┏━━

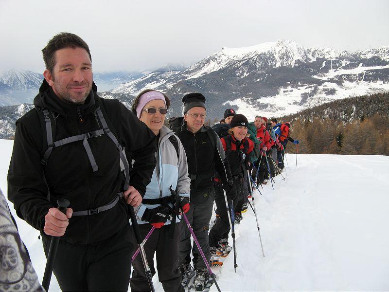 Consueta gita di apertura della stagione invernale del CAI Chatillon con skialp e ciaspolatori united. Discreto numero di partecipanti (una quarantina) nonostante le defezioni per il residuo maltempo mattutino. E in effetti salendo dal Piemonte sull’A5 nevicava. Giunti a Promiod si iniziava a vedere l’azzurro del cielo e il tempo è migliorato costantemente nel corso della giornata su questa zona di VdA.
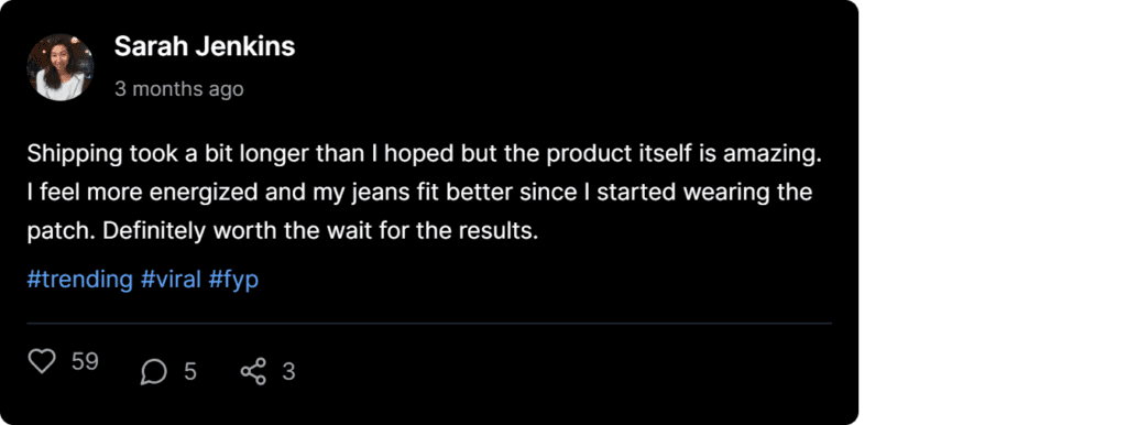 Wow, ngl I was skeptical at first but honestly this stuff works tbh. My cravings are gone and I feel so much lighter after just two weeks of using it daily. It actually works better than I expected for a natural patch.
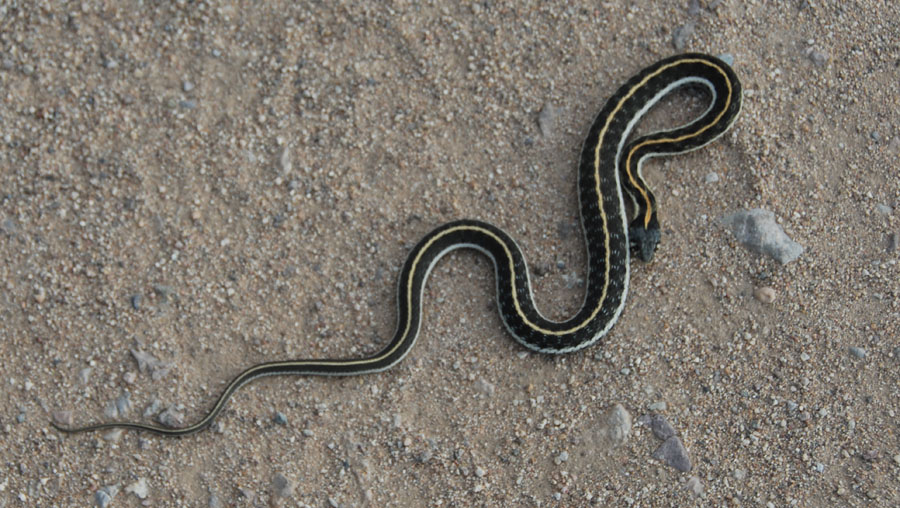 On August 31, 2008, we were driving along Cascabel Road near Milepost 16 when we saw a pair of vultures standing in the middle of the road. As our vehicle approached, they flew off, and we drove slowly up right beside this small Black-necked Garter Snake, which remained motionless in the roadway gravel. Thinking it might be dead, we got out of the vehicle (it was 5:38 pm) and took the following photograph below: Click on the image to enlarge it
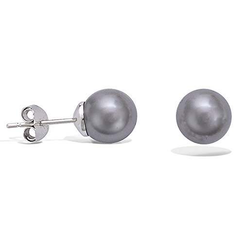 Les Plaisirs de Stella - Orecchini in argento 925/000 rodiato, perla sintetica grigia, 8 mm

┗━━

[Exercise description] Write out every line of the listing exactly as written, and leave the pictures out.

[Solution for this problem]
 Consueta gita di apertura della stagione invernale del CAI Chatillon con skialp e ciaspolatori united. Discreto numero di partecipanti (una quarantina) nonostante le defezioni per il residuo maltempo mattutino. E in effetti salendo dal Piemonte sull’A5 nevicava. Giunti a Promiod si iniziava a vedere l’azzurro del cielo e il tempo è migliorato costantemente nel corso della giornata su questa zona di VdA.
 Wow, ngl I was skeptical at first but honestly this stuff works tbh. My cravings are gone and I feel so much lighter after just two weeks of using it daily. It actually works better than I expected for a natural patch.
 On August 31, 2008, we were driving along Cascabel Road near Milepost 16 when we saw a pair of vultures standing in the middle of the road. As our vehicle approached, they flew off, and we drove slowly up right beside this small Black-necked Garter Snake, which remained motionless in the roadway gravel. Thinking it might be dead, we got out of the vehicle (it was 5:38 pm) and took the following photograph below: Click on the image to enlarge it
 Les Plaisirs de Stella - Orecchini in argento 925/000 rodiato, perla sintetica grigia, 8 mm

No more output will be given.